Your task:
Transcribe the whole listing exactly, but do not carry over its pictures.

Start of Task input

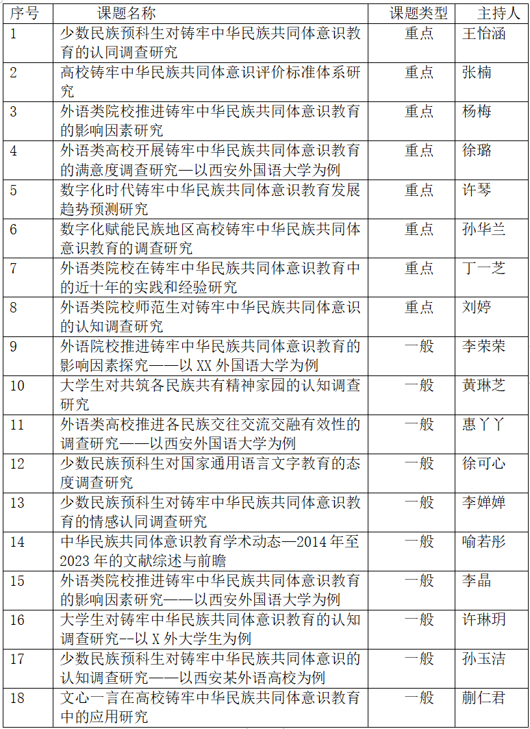 2024年1月8日,我研究中心在学院公众号上公开发布了《铸牢中华民族共同体意识教育2024年研究课题申报通知》,得到了很多研究生同学的积极响应和大力支持。经严格评审,现确定了课题名称、类型和主持人(详见附件),共计18项,并公示3个工作日(2024年3月1-3日)
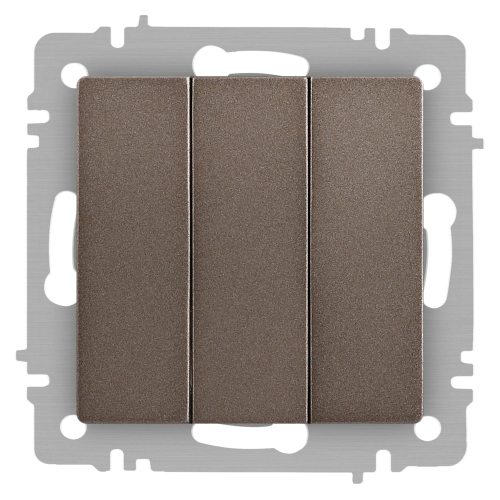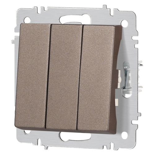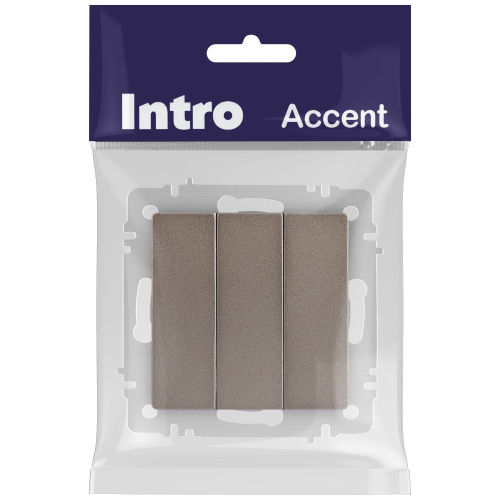 Выключатель 3-клавишный серии Intro Accent скрытой установки механизм цвет бронза 6-106-08. Номинальные характеристики 10А 250В. Выполнен из негорючего термопласта, оснащён винтовыми клеммами. Парные клеммы обеспечивают соединение шлейфом. Монтаж в подрозетник производится и на лапки, и на винты. Рамка приобретается отдельно. В серии представлены рамки до 5 постов: на 1 пост - 6-501-хх, на 2 поста - 6-502-хх, на 3 поста - 6-503-хх, на 6 поста - 4-504-хх, на 5 постов - 6-505-хх (где хх - цветовой код: 01 - белый, 01М - матовый белый, 02 - слоновая кость, 03 - алюминий, 04 - шампань, 05 - антрацит, 06 - перламутр, 07 - графит, 08 - бронза, 09 - титан, 10 - венге, 11 - сосна)
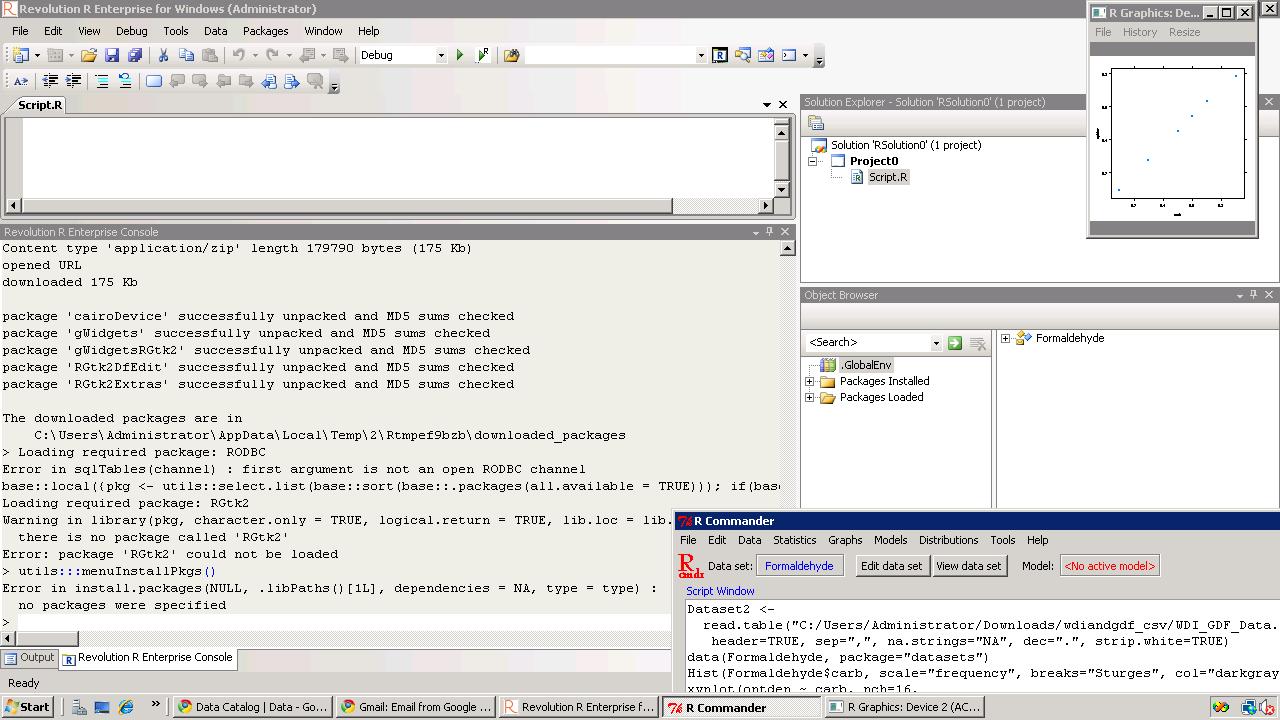 You can thus combine R GUIs (like Rattle , R Cmdr or Deducer based upon your need for statistical analysis, data mining or graphical analysis) , with 64 Bit OS, and Revolution’s REvoScaler Package to manage huge huge datasets at a very easy to use analytics solution.
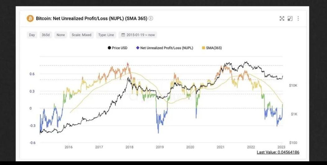 سومین معیار NUPL است که از اختلاف میان Market Cap و Realized Cap حاصل میشود؛ به عبارتی اختلاف میان سود و یا ضرری که سرمایهگذاران در اختیار دارند و هنوز آن را نقد نکردهاند. این معیار نیز مانند معیار MVRV Ratio به میانگین سالانه(خط نارنجی رنگ)خود نزدیک شده است که احتمالاً نشانهی آغاز روند جدید باشد
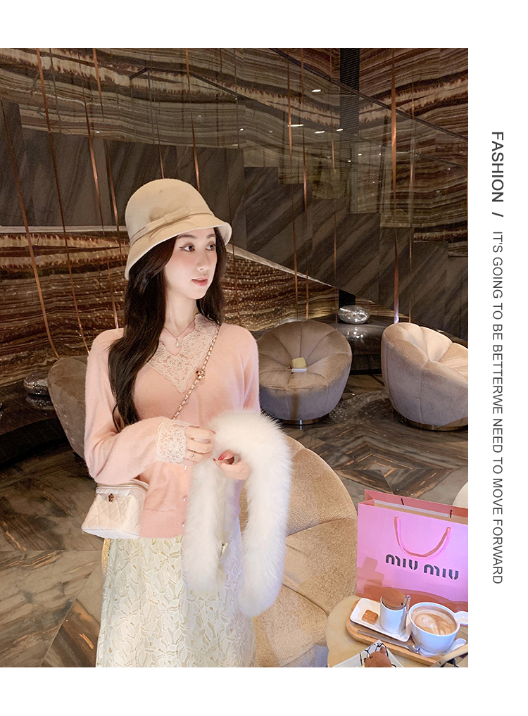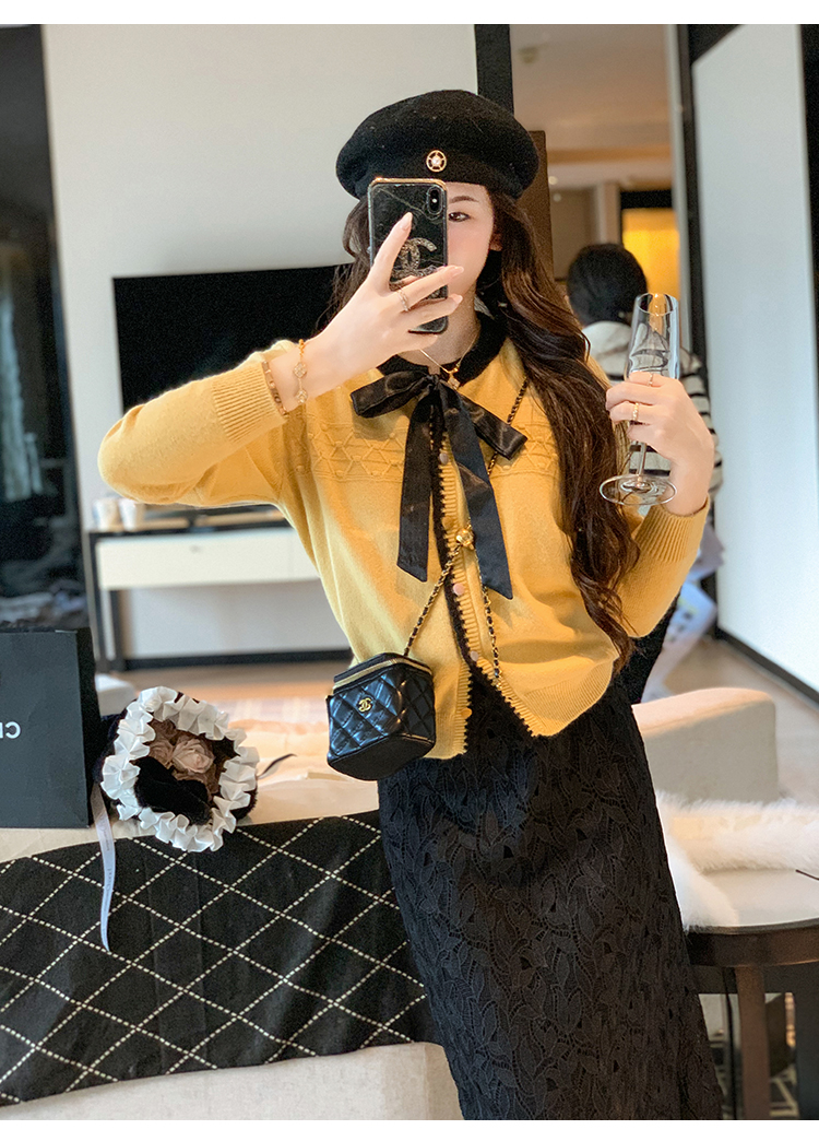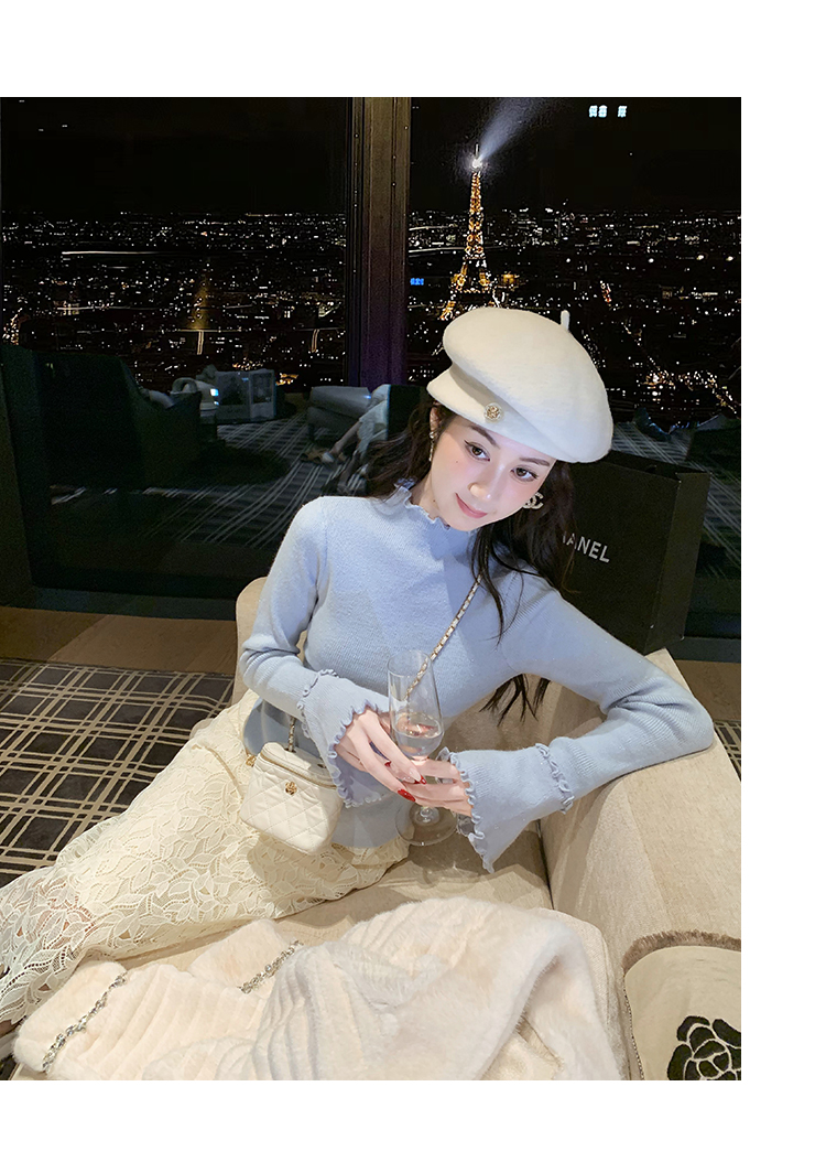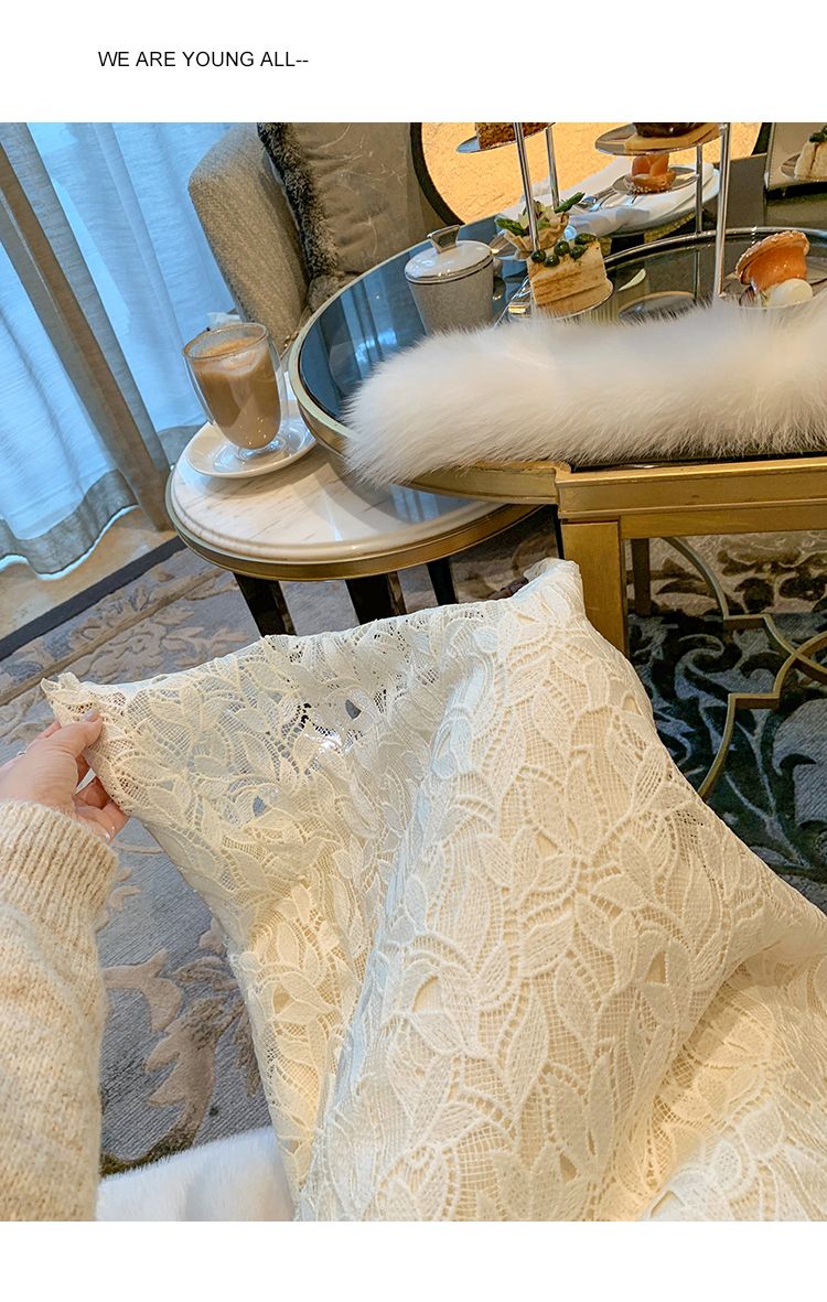ByYou 冬季加绒侧开叉蕾丝白色针织半身裙长款过膝包臀鱼尾毛衣裙

End of Task input

Solution to this task:
 2024年1月8日,我研究中心在学院公众号上公开发布了《铸牢中华民族共同体意识教育2024年研究课题申报通知》,得到了很多研究生同学的积极响应和大力支持。经严格评审,现确定了课题名称、类型和主持人(详见附件),共计18项,并公示3个工作日(2024年3月1-3日)
 Выключатель 3-клавишный серии Intro Accent скрытой установки механизм цвет бронза 6-106-08. Номинальные характеристики 10А 250В. Выполнен из негорючего термопласта, оснащён винтовыми клеммами. Парные клеммы обеспечивают соединение шлейфом. Монтаж в подрозетник производится и на лапки, и на винты. Рамка приобретается отдельно. В серии представлены рамки до 5 постов: на 1 пост - 6-501-хх, на 2 поста - 6-502-хх, на 3 поста - 6-503-хх, на 6 поста - 4-504-хх, на 5 постов - 6-505-хх (где хх - цветовой код: 01 - белый, 01М - матовый белый, 02 - слоновая кость, 03 - алюминий, 04 - шампань, 05 - антрацит, 06 - перламутр, 07 - графит, 08 - бронза, 09 - титан, 10 - венге, 11 - сосна)
 You can thus combine R GUIs (like Rattle , R Cmdr or Deducer based upon your need for statistical analysis, data mining or graphical analysis) , with 64 Bit OS, and Revolution’s REvoScaler Package to manage huge huge datasets at a very easy to use analytics solution.
 سومین معیار NUPL است که از اختلاف میان Market Cap و Realized Cap حاصل میشود؛ به عبارتی اختلاف میان سود و یا ضرری که سرمایهگذاران در اختیار دارند و هنوز آن را نقد نکردهاند. این معیار نیز مانند معیار MVRV Ratio به میانگین سالانه(خط نارنجی رنگ)خود نزدیک شده است که احتمالاً نشانهی آغاز روند جدید باشد
ByYou 冬季加绒侧开叉蕾丝白色针织半身裙长款过膝包臀鱼尾毛衣裙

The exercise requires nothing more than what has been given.